- [Data extracts]:
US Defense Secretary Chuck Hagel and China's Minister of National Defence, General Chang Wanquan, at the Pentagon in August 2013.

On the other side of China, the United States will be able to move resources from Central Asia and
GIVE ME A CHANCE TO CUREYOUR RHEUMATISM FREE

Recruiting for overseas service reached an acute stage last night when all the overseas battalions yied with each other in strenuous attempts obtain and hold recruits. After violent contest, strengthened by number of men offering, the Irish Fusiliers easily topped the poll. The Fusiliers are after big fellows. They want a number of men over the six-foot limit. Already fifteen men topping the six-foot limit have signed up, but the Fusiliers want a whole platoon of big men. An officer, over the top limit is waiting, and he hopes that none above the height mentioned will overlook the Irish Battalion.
==
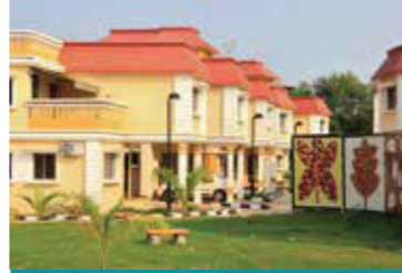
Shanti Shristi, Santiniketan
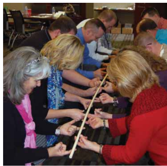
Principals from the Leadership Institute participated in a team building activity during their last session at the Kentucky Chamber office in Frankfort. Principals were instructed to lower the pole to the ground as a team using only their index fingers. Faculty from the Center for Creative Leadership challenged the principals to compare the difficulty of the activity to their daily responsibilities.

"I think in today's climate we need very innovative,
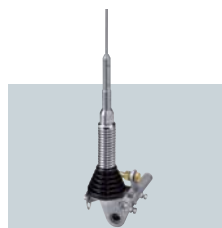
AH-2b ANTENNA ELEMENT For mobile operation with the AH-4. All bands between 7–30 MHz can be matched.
---
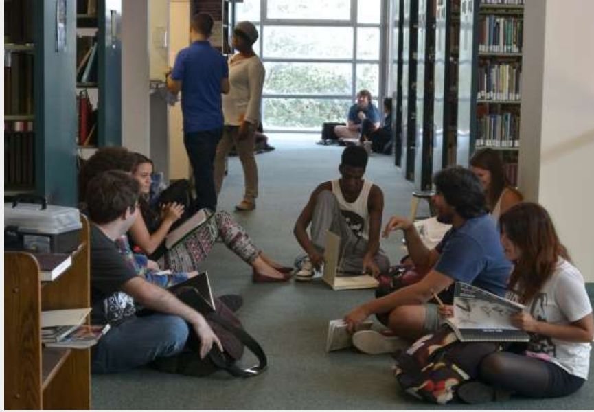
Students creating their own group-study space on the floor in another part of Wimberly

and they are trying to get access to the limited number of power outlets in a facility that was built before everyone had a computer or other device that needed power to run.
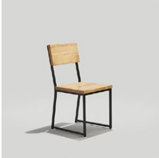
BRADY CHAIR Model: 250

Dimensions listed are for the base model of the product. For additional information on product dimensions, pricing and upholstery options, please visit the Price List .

- [What the task asks]:
Find where the line with "On the other" sits in the material above, then copy exactly from it through the line with "Recruiting for overseas". Add no other line.

- [Solution for this task]:
On the other side of China, the United States will be able to move resources from Central Asia and
GIVE ME A CHANCE TO CUREYOUR RHEUMATISM FREE

Recruiting for overseas service reached an acute stage last night when all the overseas battalions yied with each other in strenuous attempts obtain and hold recruits. After violent contest, strengthened by number of men offering, the Irish Fusiliers easily topped the poll. The Fusiliers are after big fellows. They want a number of men over the six-foot limit. Already fifteen men topping the six-foot limit have signed up, but the Fusiliers want a whole platoon of big men. An officer, over the top limit is waiting, and he hopes that none above the height mentioned will overlook the Irish Battalion.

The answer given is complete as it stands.